··· Input data ···
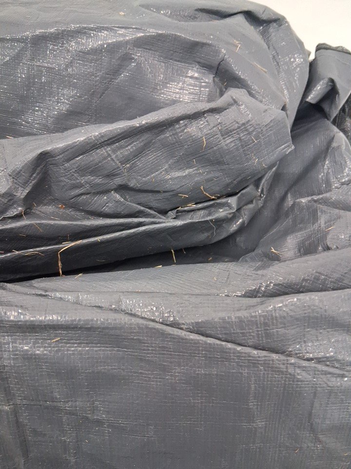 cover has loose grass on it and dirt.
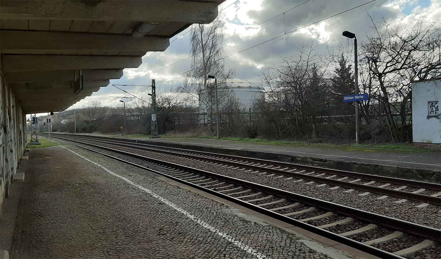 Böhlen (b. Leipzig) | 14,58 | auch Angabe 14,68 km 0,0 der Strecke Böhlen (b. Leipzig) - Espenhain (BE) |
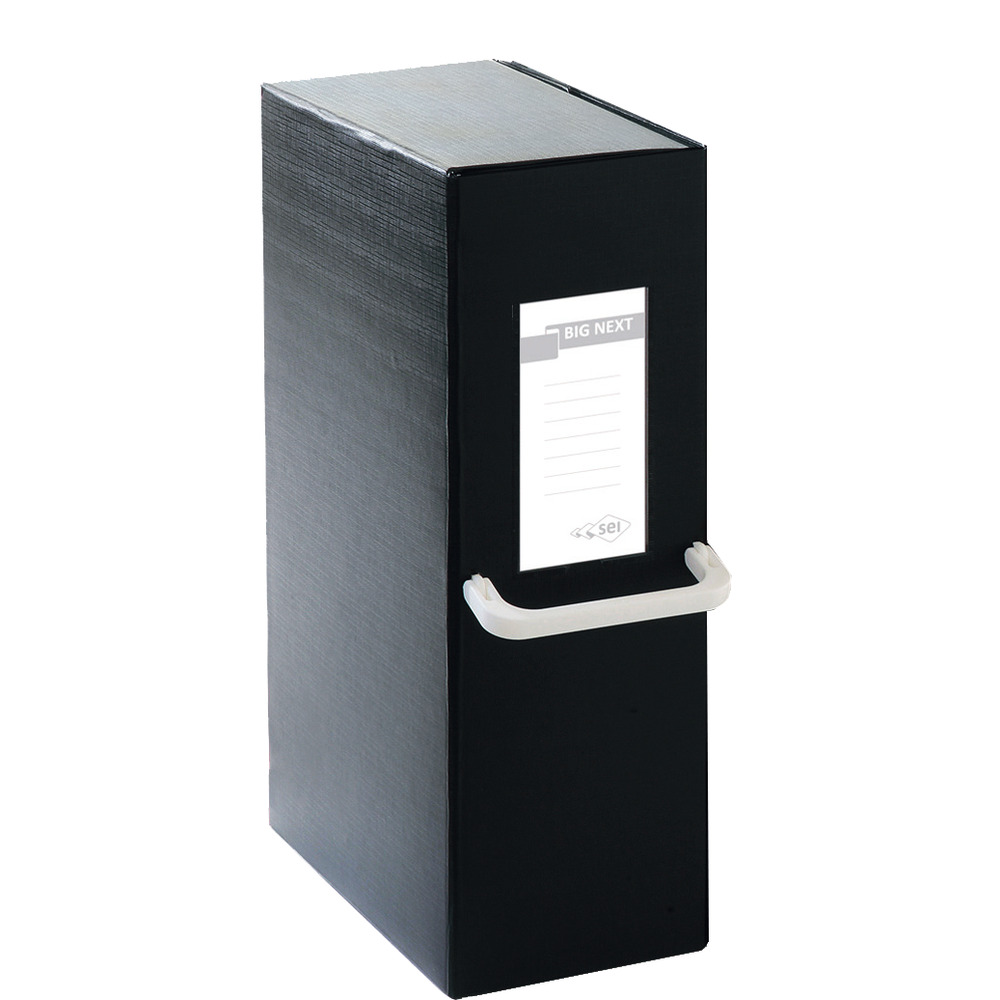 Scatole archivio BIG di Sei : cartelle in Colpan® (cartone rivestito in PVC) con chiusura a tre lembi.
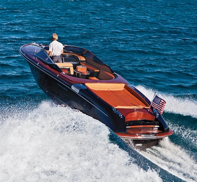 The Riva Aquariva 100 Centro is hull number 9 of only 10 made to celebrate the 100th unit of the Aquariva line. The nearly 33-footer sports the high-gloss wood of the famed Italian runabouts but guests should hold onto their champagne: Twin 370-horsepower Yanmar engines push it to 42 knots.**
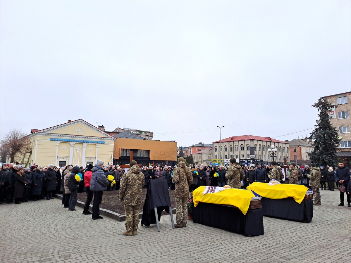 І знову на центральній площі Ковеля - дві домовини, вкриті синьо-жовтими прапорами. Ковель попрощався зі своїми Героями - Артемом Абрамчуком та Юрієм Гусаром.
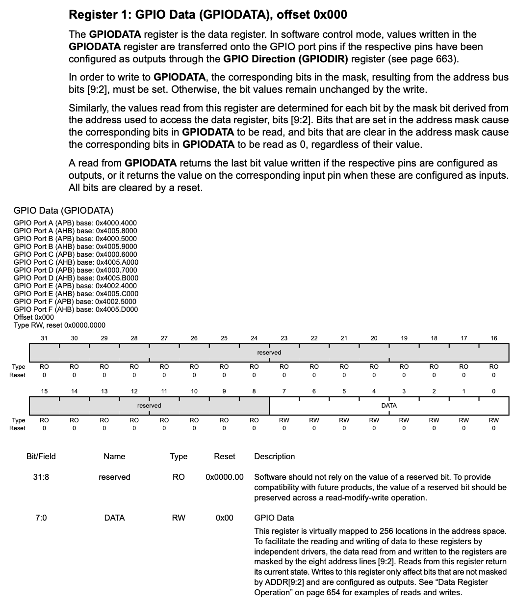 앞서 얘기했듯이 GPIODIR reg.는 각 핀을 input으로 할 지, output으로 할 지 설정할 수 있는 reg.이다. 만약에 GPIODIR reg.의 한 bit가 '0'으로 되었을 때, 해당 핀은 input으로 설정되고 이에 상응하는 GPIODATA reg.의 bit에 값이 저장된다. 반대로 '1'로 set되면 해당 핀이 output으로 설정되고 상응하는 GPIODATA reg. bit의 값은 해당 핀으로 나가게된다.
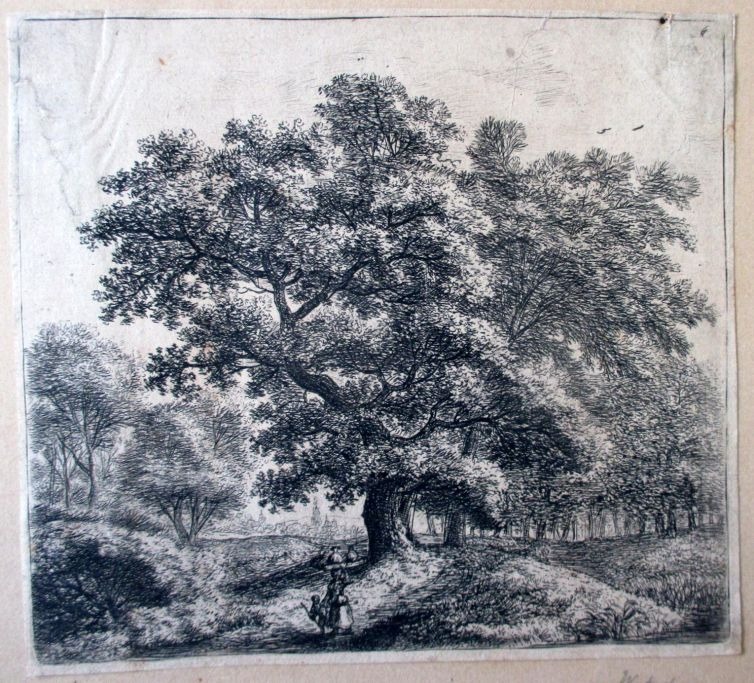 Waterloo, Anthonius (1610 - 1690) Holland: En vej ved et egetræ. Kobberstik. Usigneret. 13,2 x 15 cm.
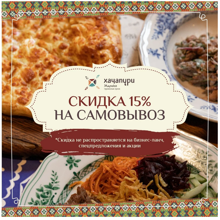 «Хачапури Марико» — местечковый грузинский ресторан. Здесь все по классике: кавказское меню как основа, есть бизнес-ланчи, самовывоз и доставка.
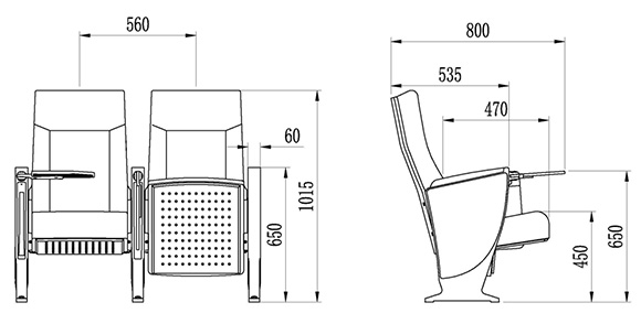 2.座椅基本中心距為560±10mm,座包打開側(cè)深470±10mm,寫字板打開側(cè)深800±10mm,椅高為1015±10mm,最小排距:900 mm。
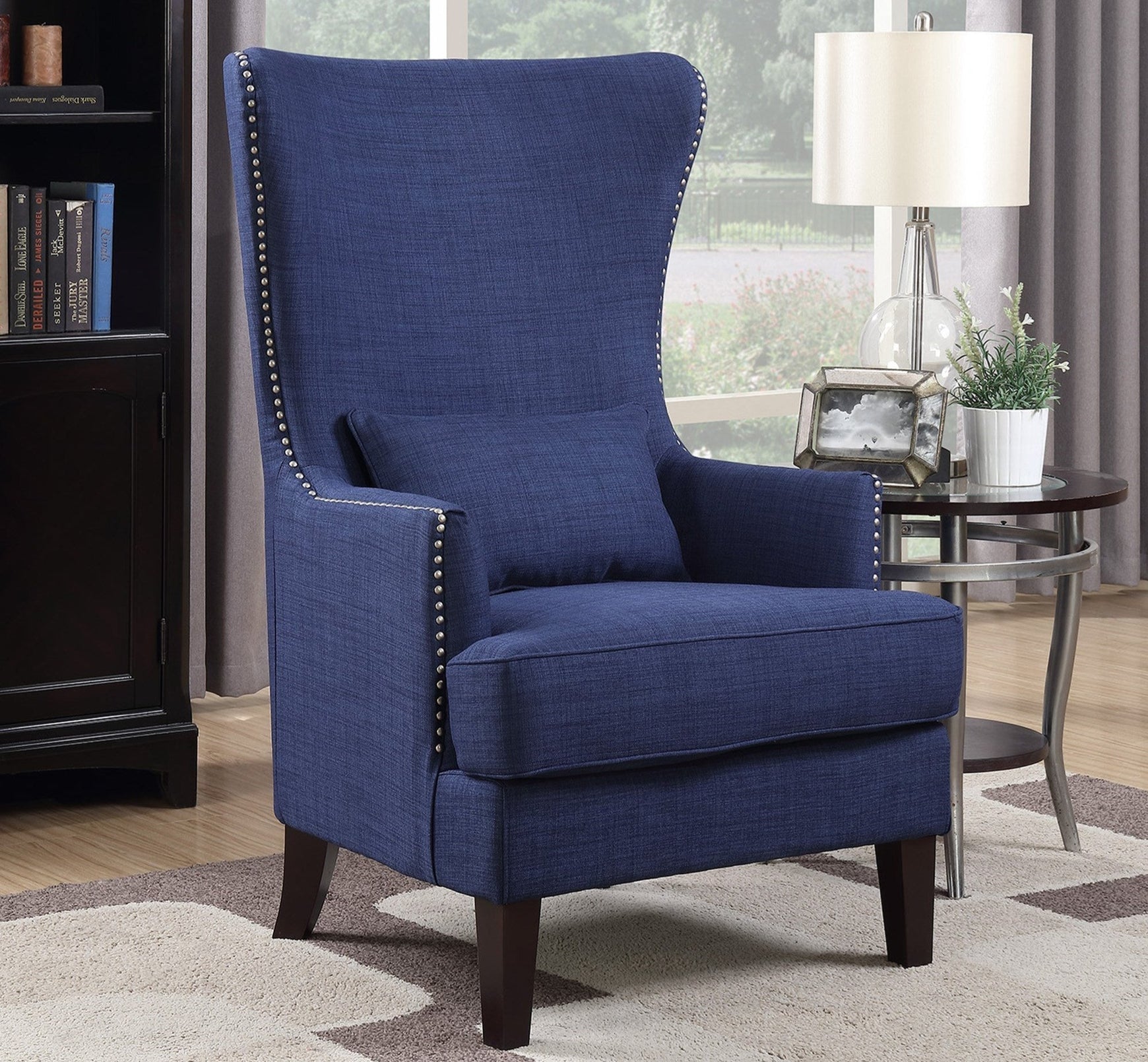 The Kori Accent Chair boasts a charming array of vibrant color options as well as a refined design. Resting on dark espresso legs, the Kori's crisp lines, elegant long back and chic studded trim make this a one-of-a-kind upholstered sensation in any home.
···
## [Task prompt]
Your answer must be the exact lines from the start of the data through the line with "Scatole archivio BIG", inclusive, and nothing else; pictures do not belong in it.

## [Result of this task]
 cover has loose grass on it and dirt.
 Böhlen (b. Leipzig) | 14,58 | auch Angabe 14,68 km 0,0 der Strecke Böhlen (b. Leipzig) - Espenhain (BE) |
 Scatole archivio BIG di Sei : cartelle in Colpan® (cartone rivestito in PVC) con chiusura a tre lembi.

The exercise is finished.